There were a lot fewer people working when I started, so there was a lot less competition. It seemed easy to me, but later on I realised how hard it was.
What happened was that Star Trek's first episode came on the air on a Thursday night. I tuned in to watch it with some curiosity and an enormous amount of anxiousness, because there had been so much science fiction on the air that hadn't been very good. I thought, "Well, this show has promise, but nobody's really done science fiction right on television yet."
I looked at it and thought, "Well, gee, that transporter beam, mmm, I don't know, I'd really rather they had a shuttle craft. That guy with the pointed ears, I don't think he's going to work out at all." But I liked what I saw enough that I wrote an outline and submitted it to Star Trek.
They were all bought up for the first season but they said, "Please submit for the second season," so I wrote a whole bunch of outlines which I turned in and they picked one.
Now the way I approached it, and I think this is the advice I would give to anybody wanting to try to get into any TV show, is to realise there's a finite number of stories that they can do. They had twenty episodes a season, so what you have to do is come up with a story that is so good that they actually want to put aside something else they've planned [in order] to do your story.
You're not just competing with what they've got, you're competing with everybody else who's pitching stories, so you actually have to write not just the best story you can but the best story they've ever done. My approach to Star Trek was, "I know science fiction, and I know screen writing."
That was very arrogant of me, but you really need to be a little bit arrogant to think that what you have to say is good enough to justify the expense of hundreds of thousands - now millions of dollars - to make an episode of the TV show. So you have to say to yourself, "What can I do that's better than anything that anyone else has done?" And that means putting aside your own fantasies of, "Gee, how about the teenage girl who falls in love with Spock," and actually do the one that challenges the format of the show, the nature of science fiction, and you.
I would say they picked the right one. I wanted to do the Tribble episode and I had submitted five or six stories, and they picked the right one because that one I felt was totally unlike anything else they had ever done. It gave them all a chance to do comedy and ultimately, and I have to admit even I'm surprised by this, it proved, according to Paramount, to be the most popular episode of the series.

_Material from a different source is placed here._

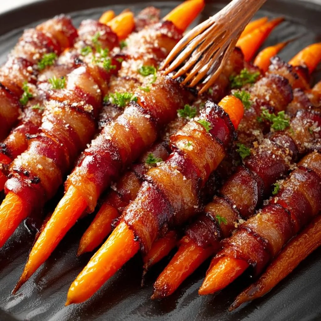 A delightful combination of maple syrup and crispy bacon wrapped around tender carrots, creating a mouthwatering side dish.
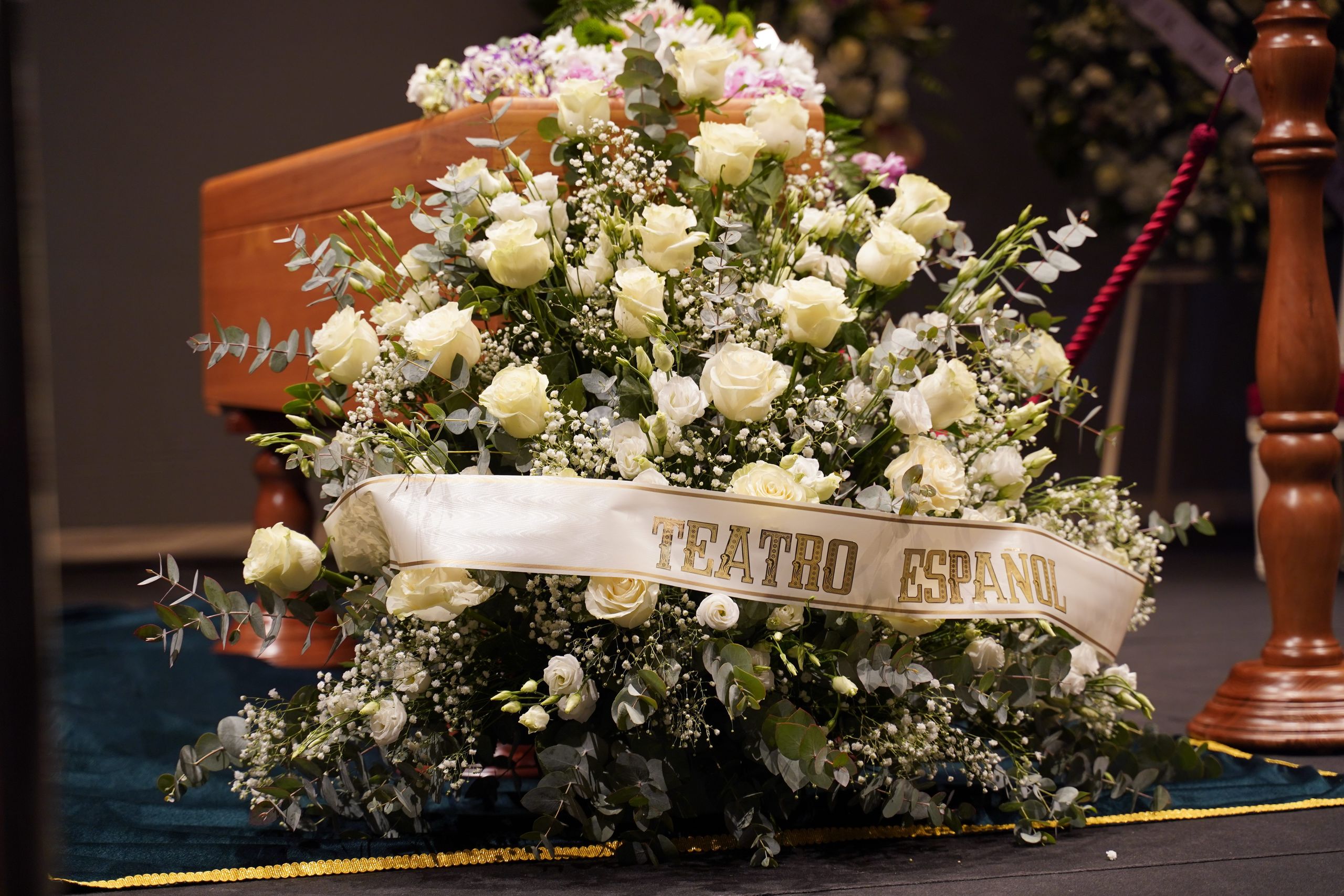 Un ramo de flores de gran tamaño ante el féretro de la conocida actriz.

Here's the joke. We had a party at my house when the show aired, on December 29th, and I invited all my friends from college who were still finishing school. One of the folks there was Bob Englund who played Freddie Kruger in all the Nightmare On Elm Street movies. He's a very talented actor, and he said, 'Boy, David that turned out very very nice.'
I said, 'You know I'm proud of it but I'm going to be real honest, I don't think in 20 years anyone's going to remember this, it's just one episode of one TV series and after the last rerun it will be forgotten'. Well, there's never been a last rerun and here it is almost thirty-five years later and everybody knows about this thing. I think everybody on the planet has seen it now and it's a little scary. And kind of flattering too.
Hamster hater?
Are you phobic towards small animals?
No, I love small furry animals. You should see my dogs, they're all small furry creatures, except for the two that aren't small or furry.

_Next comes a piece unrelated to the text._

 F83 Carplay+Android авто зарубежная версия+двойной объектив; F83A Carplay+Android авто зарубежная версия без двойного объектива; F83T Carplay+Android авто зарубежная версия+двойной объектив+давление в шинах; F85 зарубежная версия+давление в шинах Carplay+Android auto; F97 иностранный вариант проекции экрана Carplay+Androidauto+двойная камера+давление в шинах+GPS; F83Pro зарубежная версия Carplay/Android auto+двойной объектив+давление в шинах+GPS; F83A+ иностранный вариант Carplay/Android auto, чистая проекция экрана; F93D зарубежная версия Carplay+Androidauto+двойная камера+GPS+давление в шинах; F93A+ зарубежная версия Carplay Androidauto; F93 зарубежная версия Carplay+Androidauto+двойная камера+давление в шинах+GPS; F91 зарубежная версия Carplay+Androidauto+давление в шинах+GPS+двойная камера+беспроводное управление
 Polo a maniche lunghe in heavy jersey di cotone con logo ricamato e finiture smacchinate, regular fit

I had always been fascinated by the whole idea that Australia was this different ecology and that when rabbits and prickly pears and other things from Europe were introduced into Australia they ran amok. I always thought this was a remarkable story about the law of unintended consequences, so I thought, "What if you could have rabbits or mice [in a story]."
The girl I was seeing at the time had a little fuzz ball on the end of her key chain and I thought, "What if you had little fuzz balls that bred like crazy," and the next thing it was like, "Yes that's obvious because all we have to do is get little fuzz balls off the key chains, we'll go and buy five hundred key chains."
Actually we didn't do it that way, but that was where the idea came from. Essentially, it's what if you had rats on the space ship - where do you go from there? And it turned out to be a lot of fun.
I think for me the most fun was that I would visit the set and for the actors it was the first time they had really had the chance to do a show that was a comedy. They were just having a party. Everybody was having an enormous amount of fun, especially William Shatner who's normally a very funny man.
I think this was one of the first chances he'd ever gotten to do a comedy of any kind. Previously he'd done a couple of Twilight Zone episodes where he'd done the very intense guy who sees the thing on the wing, the gremlin on the wing of aeroplanes, stuff like that. He'd done an episode of Thriller where there was this painting that was hacking people to death.
He was only doing dramatic parts and I know he loved the opportunity to do comedy, so for him this was a chance to break out. I think it's part of the reason people look at him as a comic actor today, where he can do things like Miss Congeniality. Last time I spoke to him he said he loved doing the comedy.
From K7 to DS9
How did you feel about the Deep Space Nine episode Trials and Tribble-ations?
They denied they were doing a tribble sequel over and over and over, and I kept hearing the rumours, over and over and over.
Finally they announced it, and I picked up the phone and called Rick Berman. I said, "Rick I just got a phone call from [someone], and they want an interview and I told them I'd get back to them. It would be really embarrassing for you guys if I said Paramount hasn't told me anything at all about this, it would be a lot better for everybody if I could say this is really a great thing". Rick said "You know, you're absolutely right."
He was an absolute gentleman about it, so they bought me in to be an extra in Trials and Tribble-ations. They gave me a copy of the script and treated me very kindly. I read the script and I said, "You guys are going to get an Hugo nomination off of this, this is the best Star Trek script I've ever read, it is absolutely brilliant."
They did a marvellous job of taking the Deep Space Nine characters and weaving them into the [Original] Star Trek characters. There was a moment with the director Jonathan West when everybody was lined up in front of a monitor with a video tape of The Trouble With Tribbles, because they wanted to see how this scene that we were about to shoot was going to fit in.
They're saying, "Well it's, there's the scene where they're all lined up and Kirk is balling them out," and they're running through the tape and I was standing there and I'm looking at it and I say, "No, you should scan that tape backward, reverse it because the scene you're looking for happens [there]."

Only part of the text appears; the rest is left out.